UCHIME2 is an algorithm for detecting chimeric sequences . It is an update of the UCHIME algorithm with some new features. It is implemented in the uchime2_ref command. See UCHIME2 paper for details.
The uchmie2_denovo command is obsolete. It is replaced by the uchime3_denovo command which implements the chimera filtering step in unoise3 . This the same algorithm described in the UCHIME2 paper, except that parameters have been adjusted to reduce the number of false positives.
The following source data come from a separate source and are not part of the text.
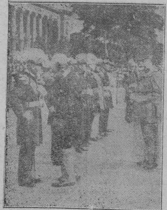
París. — El Presidente de la República, M. Lebrun, impone la Medalla Militar al almirante Le Bris, después de la revista militar celebrada ante el Petit Palais para conmemorar la Fiesta Nacional francesa.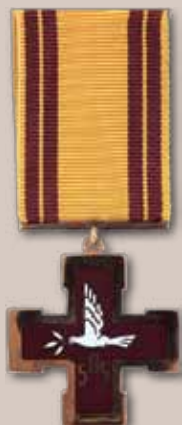
Žūvančiųjų gelbėjimo kryžius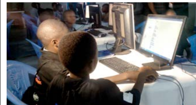
Initiation de certains élèves

Le programme « Africa Code Week » a été lancé le jeudi 1er octobre au centre Blue Zone à Lomé par la ministre des Postes et de l'Economie numérique ainsi que celui des enseignements primaire, secondaire et de la formation professionnelle. Pour ce programme 5000 élèves au Togo seront formés sur toute l'étendue du territoire national.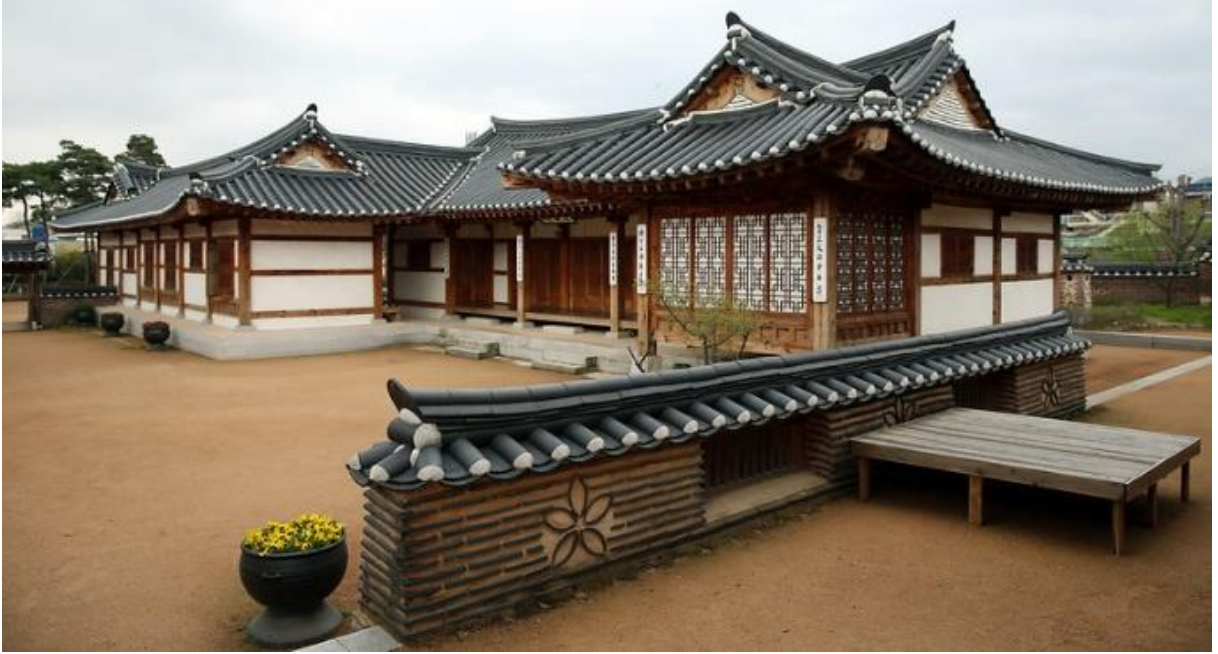
Şekil 1. Geleneksel Kore Evi Hanok, Gimhae, Güney Kore ( Korea.net , 2022)

önünde bulundurmışlardır. Doğu ya da batı yönü fark etmeksizin evler; arazi topraklarının verimli olduğu, kolay ulaşılan ve güzel bir manzaraya sahip alanlara inşa edilmektedir (Auri, 2022). Hanokların yerleştirildiği bölgelerde çevresi, coğrafya ve doğal ile uyumlu bir görünüm sergilerken, evler dağlara veya nehirlerle zarar vermeden iklimlendirilir.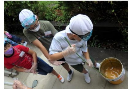
廃油石鹸づくり（4年生）

I do not recommend using uchime2_ref in a 16S or ITS analysis pipeline
. The problem is that you will get high rates of both FPs and FNs unless you have denoised sequences, in which case the chimera removal is a special case which is built into the denoising code
(see
UCHIME2 paper
for details).
It is better to use
unoise3
or
cluster_otus
for chimera filtering. I believe that unoise is a better approach because it has better resolution: it reconstructs the biological sequences in the reads without 97% clustering. This enables you to resolve species and strains which are >97% similar to each other.
I recommend you use the
largest available reference database
for uchime2_ref, e.g. SILVA for 16S or UNITE for ITS. My previous advice to use a small, high-quality database was misguided (
wrong!
)-- you need a large database to get decent sensitivity, a small database like "gold" will probably be missing many parents in practice.